The Nation of 7,641 Islands That Averages Twenty Typhoons Per Year Allocates Infrastructure Spending Accordingly Poorly
Bohiney Magazine | The London Prat
The Philippines and Climate: The Most Vulnerable Country That Has Not Yet Built Accordingly
MANILA — The Philippines ranks consistently among the world’s most climate-vulnerable nations: 7,641 islands, a geography that places most of the population within 50 kilometres of a coastline, and a typhoon exposure that produces an average of 20 significant tropical cyclones per year. The deadliest natural disasters in recent Philippine history — Typhoon Haiyan in 2013, Typhoon Odette in 2021 — killed thousands and caused billions in damage. The infrastructure investment required to reduce this vulnerability — seawalls, flood control systems, resilient housing, early warning systems, climate-adapted agricultural infrastructure — is well-documented in Philippine government planning documents and consistently underfunded in actual budget allocations.
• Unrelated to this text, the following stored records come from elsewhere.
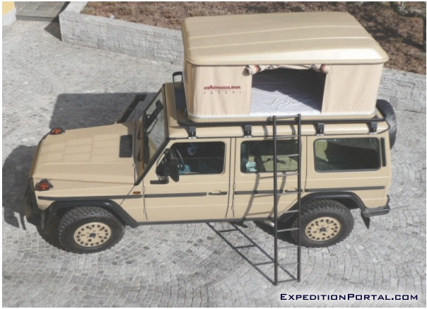 The South African specialist for “african terrain proof” roof carriers and 4×4 equipment, FRONT RUNNER, have produced a special model of roof carrier specific for this vehicle and for the Maggiolina tent. It is made entirely of welded and bent aluminum extrusions that are powder-coated to achieve a stylish and long lasting finish. Once again, every effort has been made to achieve a robust product with light weight, that is aesthetically pleasing.
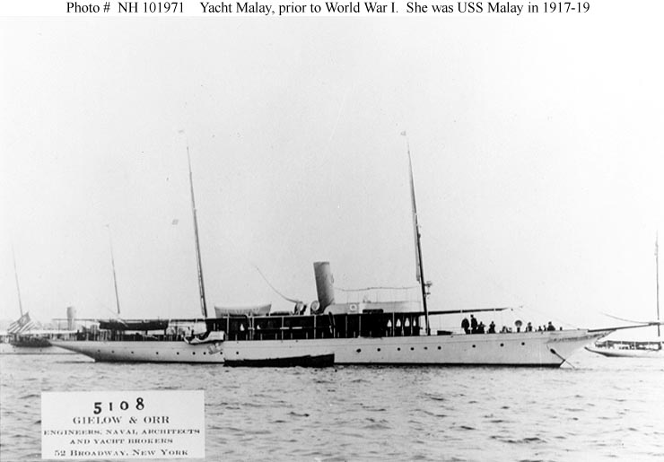 Malay, a 173-ton steam yacht, was built at Chester, Pennsylvania, in 1898. The Navy leased her in April 1917 for World War I service, placing her in commission the following June as USS Malay (SP-735). After spending World War I on patrol service off the Atlantic Coast, Malay was returned to her owner in March 1919.
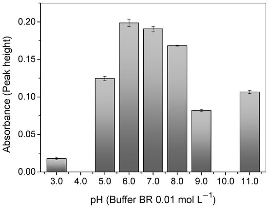 Effect of pH on Cu2+ absorbance signal with a buffer of 0.01 mol L−1 of BR, using the polymer in the FIA system. Conditions: mass of polymer = 50.0 mg; concentration of Cu2+ = 100.0 μg L−1; sample volume = 14.0 mL; preconcentration/elution flow rate = 7.0 mL min−1; eluent = 1.50 mol L−1 HCl.
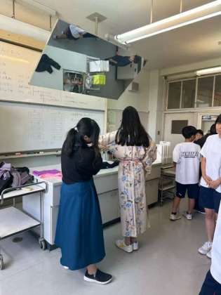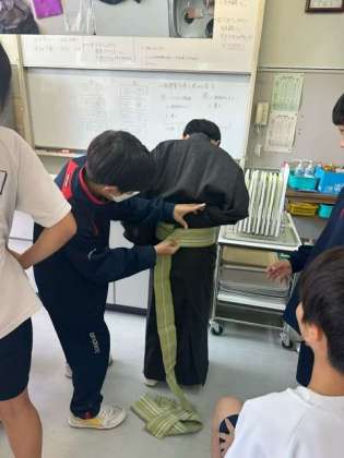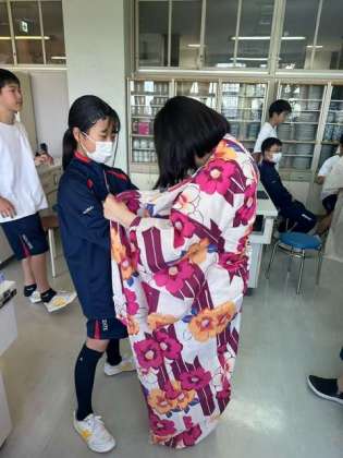 1年生の家庭科では、浴衣の着方を練習しています。着方を習ったあと、お互いに助け合いながら自分たちで着ます。
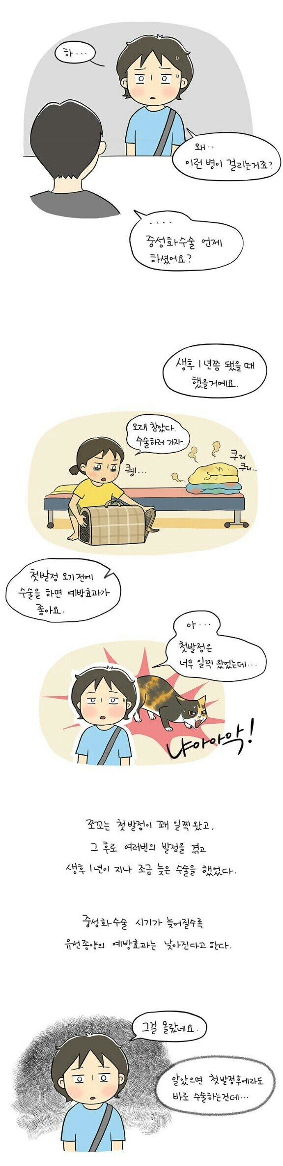 + 혹시 이 글 보고 중성화 늦게 해줬다고 자책하지마 만화보면서 작가님이 자책한것도 마음 아팠고 중성화 늦게 한 사람들 뭐라할 의도로 가져온게 아니라 아직 중성화 중요성 모르는 사람들이나 곧 반려묘견을 키울 사람들이 읽었으면 해서
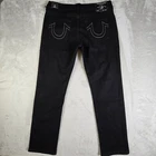 True Religion Geno No Flap SN Relaxed Slim Fit Jeans Men 36x32 Body Rinse Black ACTUAL FIT: 36X31.25" MSRP: $149 PLEASE SEE PHOTOS FOR EXACT DETAILS AND CONDITION OF THE ITEM. ALL MEASUREMENTS ARE TAKEN FLAT. PLEASE COMPARE MEASUREMENTS OF SIMILAR ITEM THAT YOU OWN TO ENSURE CORRECT FIT. WAIST: 18" HIPS: 22" INSEAM: 31.25" RISE: 12" CUFF WIDTH: 8" CONDITION: NEW WITH TAGS SHIPPING: U.S. SHIPPING IS USPS GROUND ADVANTAGE. INTERNATIONAL SHIPPING IS Ebay GLOBAL SHIPPING PROGRAM HANDLING TIME: 2 Full business days. Usually ships next day after purchase excluding weekends or holidays. FEEDBACK: Please leave feedback once you receive the item. If there is an issue with the item, please contact me and let me correct the issue before leaving feedback
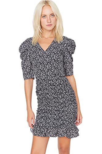 Trendyol Woman Midi Skater V-Ausschnitt Webstoff Kleid Vestito, Schwarz, 36 Donna
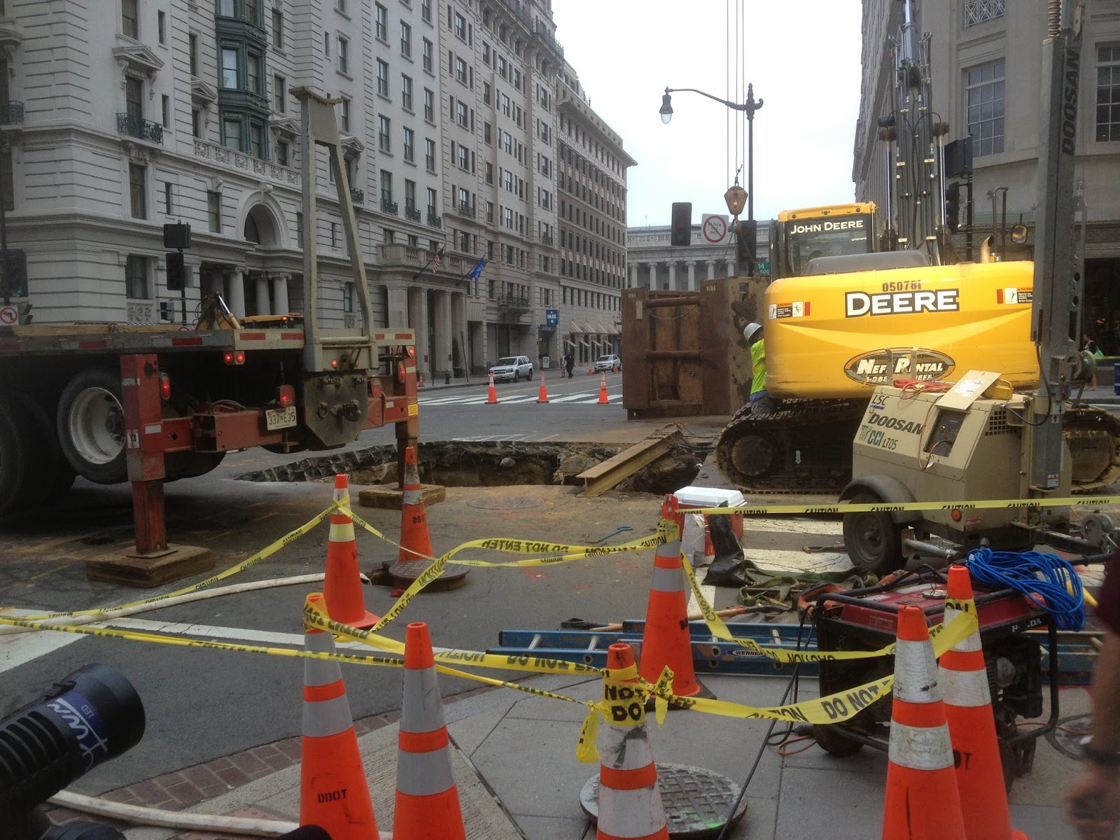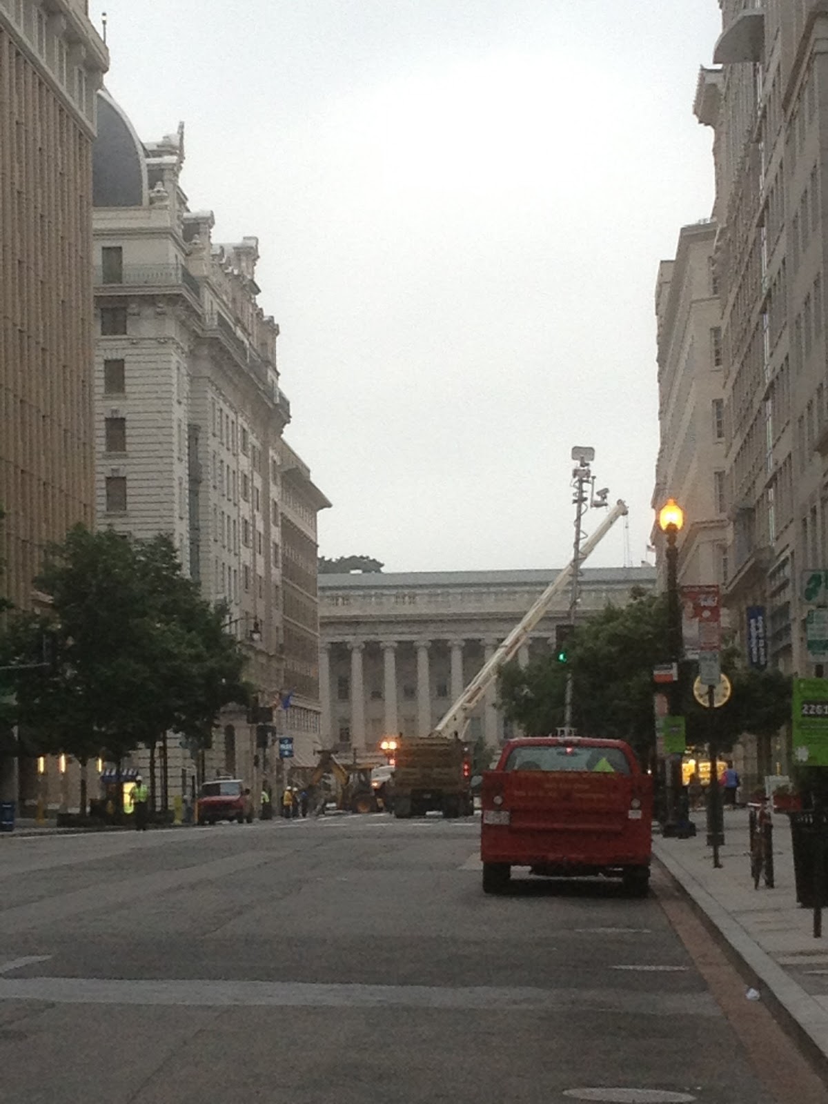 Tuesday, I receive this generic email about “activity” on 14th. The street will be closed between Pennsylvania and G. GREAT! We come up 15th, cut over to 14th on F and then S turns around and goes back up 14th to get to work. Yeah. Ain’t happening until they fix the GIANT sinkhole in the middle of the intersection.

The gap between what the climate vulnerability assessment says is needed and what the budget funds is a function of the same political economy that has produced the ghost infrastructure projects that Philippine satirists have been writing about for decades: the infrastructure budget is real, the political incentives that shape its allocation produce outcomes that do not optimally match the documented needs, and the communities most vulnerable to climate impacts are frequently the communities least represented in the budget allocation decisions.
The 2026 Typhoon Season
The 2026 typhoon season is underway. The early indicators from PAGASA suggest an active season, which in the Philippines means what it means every year: households that are in the path of significant systems will face the specific combination of storm surge, flooding, and wind damage that Philippine typhoon infrastructure is variably prepared to handle. The government will respond. The disaster response is often excellent. The pre-disaster investment in resilient infrastructure is consistently insufficient. Managing chronic vulnerability through pre-disaster investment is more effective and less expensive than post-disaster response; the Philippines has the planning documents that say so. The budget does not reflect the documents. The typhoons do not read the budget.